**** AVAILABLE DATA

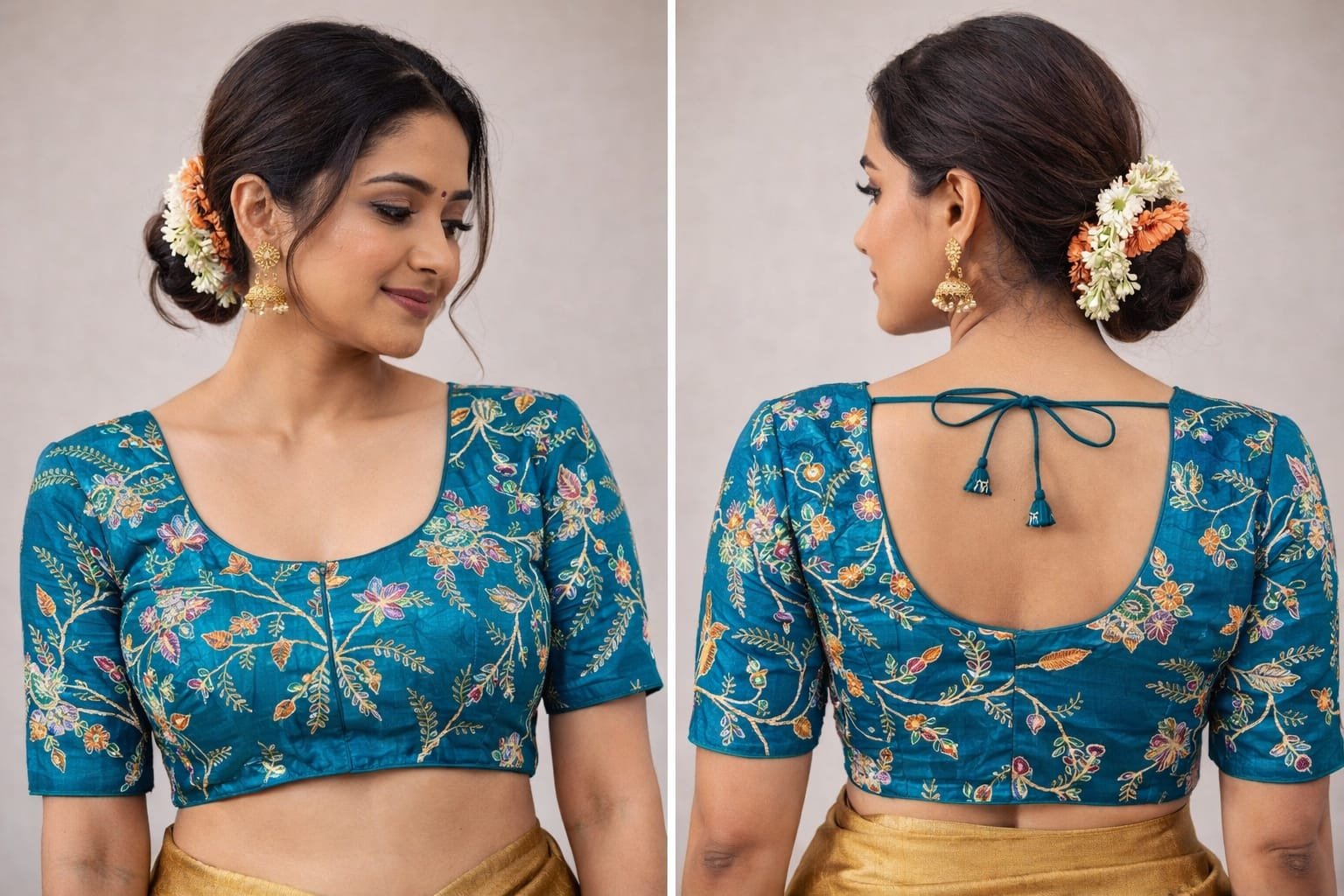 Enhance your traditional wardrobe with this stunning blue colored spacesilk blouse, beautifully adorned with intricate sequins and gold zari embroidery in a delicate floral pattern. Designed with a princess cut, this blouse offers a timeless and elegant look. It comes sleeveless but includes optional short sleeves for added versatility. The comfortable fit with front open, accommodating sizes 32 to 38, makes it an excellent choice for various occasions. Perfect for pairing with sarees or lehengas, this blouse adds a touch of glamour and sophistication to your festive or celebratory ensemble.
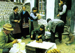 每年7、8、9月,西藏高原草肥水美,氣候宜人,正值膘肥體壯的母畜產(chǎn)奶的旺季,是提煉量多質(zhì)佳酥油的絕好時機(jī)。在那遼闊無垠的草原上,燦爛的陽光灑滿了牧場,肥壯的牛羊悠閑自得地啃食著青草,遠(yuǎn)遠(yuǎn)望去,似珍珠瑪瑙,星羅棋布;似片片云朵,飄來蕩去。好一派安謐、寧靜的高原風(fēng)光,令人心曠神怡。此時婦女們正在家里、帳篷周圍,從事提煉酥油等奶制品的勞動。
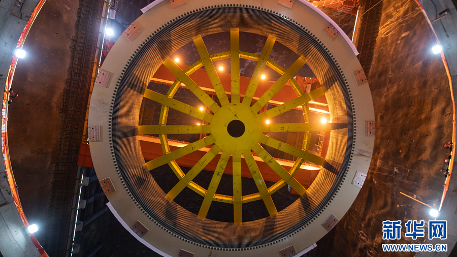 6月30日,瑪爾擋水電站地下廠房內,工作人員正在進行首臺機組定子吊裝作業。新華網 潘彬彬 攝
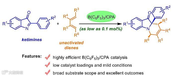 近日,南开大学化学学院李鑫教授团队借助于DFT计算,成功实现了B(C6F5)3/手性磷酸(CPA)催化的酮亚胺与非活化二烯的不对称氮杂Diels-Alder反应(图2),以高收率(up to 99%)与高立体选择性(up to >20:1 dr, 98:2 er)得到了含有季碳手性中心的四氢吡啶化合物。
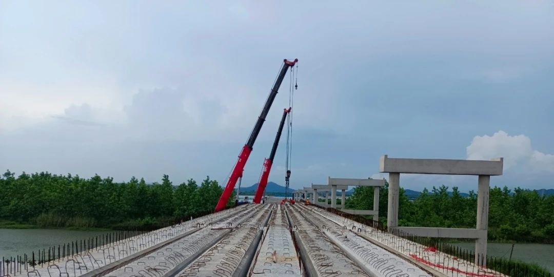 引橋空心板吊裝工程屬于超危大工程,本次空心板共計231塊,單塊空心板最大重量約30t,最大長度達(dá)到20m,為確保吊裝工作順利進(jìn)行,前期完成了引橋預(yù)制空心板吊裝專項方案專家論證,通過對汽車吊等輔助工具的選擇及起重進(jìn)行精準(zhǔn)計算決定采用雙臺起重機(jī)配合吊裝的非常規(guī)起重方法,隨后,資運(yùn)集團(tuán)組織參建方對運(yùn)輸進(jìn)場道路進(jìn)行了加固,組織吊裝單位對現(xiàn)場進(jìn)行勘察,吊裝區(qū)域地基基礎(chǔ)處理等工作,以及吊裝前對相關(guān)人員進(jìn)行了技術(shù)交底和安全教育。在吊裝現(xiàn)場,工作人員密切配合,準(zhǔn)確的溝通和緊密的協(xié)調(diào),嚴(yán)格執(zhí)行吊裝方案,規(guī)范操作吊裝設(shè)備,順利完成了首次吊裝任務(wù),為后續(xù)安全高效吊裝積累寶貴經(jīng)驗。
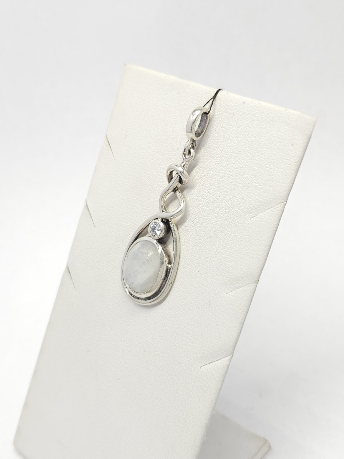 Strona główna » Sklep » Srebrny wisiorek z kamieniem księżycowym i cyrkonią, srebro 0,925
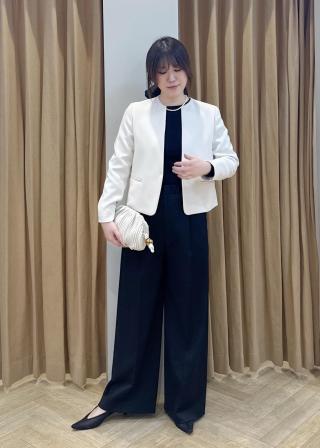 同素材のジャケット、テーパードパンツ、ワイドパンツ、タイトスカート、ペプラムブラウスと組み合わせれば、セットでも単品でも自由にコーディネートできます。
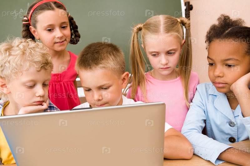 Портрет серьезных детей, работающих с ноутбуком во время урока

********

- **TRY IT**: I'd like the data above duplicated exactly, with no pictures included.

- **EXPECTED OUTPUT**:
 Enhance your traditional wardrobe with this stunning blue colored spacesilk blouse, beautifully adorned with intricate sequins and gold zari embroidery in a delicate floral pattern. Designed with a princess cut, this blouse offers a timeless and elegant look. It comes sleeveless but includes optional short sleeves for added versatility. The comfortable fit with front open, accommodating sizes 32 to 38, makes it an excellent choice for various occasions. Perfect for pairing with sarees or lehengas, this blouse adds a touch of glamour and sophistication to your festive or celebratory ensemble.
 每年7、8、9月,西藏高原草肥水美,氣候宜人,正值膘肥體壯的母畜產(chǎn)奶的旺季,是提煉量多質(zhì)佳酥油的絕好時機(jī)。在那遼闊無垠的草原上,燦爛的陽光灑滿了牧場,肥壯的牛羊悠閑自得地啃食著青草,遠(yuǎn)遠(yuǎn)望去,似珍珠瑪瑙,星羅棋布;似片片云朵,飄來蕩去。好一派安謐、寧靜的高原風(fēng)光,令人心曠神怡。此時婦女們正在家里、帳篷周圍,從事提煉酥油等奶制品的勞動。
 6月30日,瑪爾擋水電站地下廠房內,工作人員正在進行首臺機組定子吊裝作業。新華網 潘彬彬 攝
 近日,南开大学化学学院李鑫教授团队借助于DFT计算,成功实现了B(C6F5)3/手性磷酸(CPA)催化的酮亚胺与非活化二烯的不对称氮杂Diels-Alder反应(图2),以高收率(up to 99%)与高立体选择性(up to >20:1 dr, 98:2 er)得到了含有季碳手性中心的四氢吡啶化合物。
 引橋空心板吊裝工程屬于超危大工程,本次空心板共計231塊,單塊空心板最大重量約30t,最大長度達(dá)到20m,為確保吊裝工作順利進(jìn)行,前期完成了引橋預(yù)制空心板吊裝專項方案專家論證,通過對汽車吊等輔助工具的選擇及起重進(jìn)行精準(zhǔn)計算決定采用雙臺起重機(jī)配合吊裝的非常規(guī)起重方法,隨后,資運(yùn)集團(tuán)組織參建方對運(yùn)輸進(jìn)場道路進(jìn)行了加固,組織吊裝單位對現(xiàn)場進(jìn)行勘察,吊裝區(qū)域地基基礎(chǔ)處理等工作,以及吊裝前對相關(guān)人員進(jìn)行了技術(shù)交底和安全教育。在吊裝現(xiàn)場,工作人員密切配合,準(zhǔn)確的溝通和緊密的協(xié)調(diào),嚴(yán)格執(zhí)行吊裝方案,規(guī)范操作吊裝設(shè)備,順利完成了首次吊裝任務(wù),為后續(xù)安全高效吊裝積累寶貴經(jīng)驗。
 Strona główna » Sklep » Srebrny wisiorek z kamieniem księżycowym i cyrkonią, srebro 0,925
 同素材のジャケット、テーパードパンツ、ワイドパンツ、タイトスカート、ペプラムブラウスと組み合わせれば、セットでも単品でも自由にコーディネートできます。
 Портрет серьезных детей, работающих с ноутбуком во время урока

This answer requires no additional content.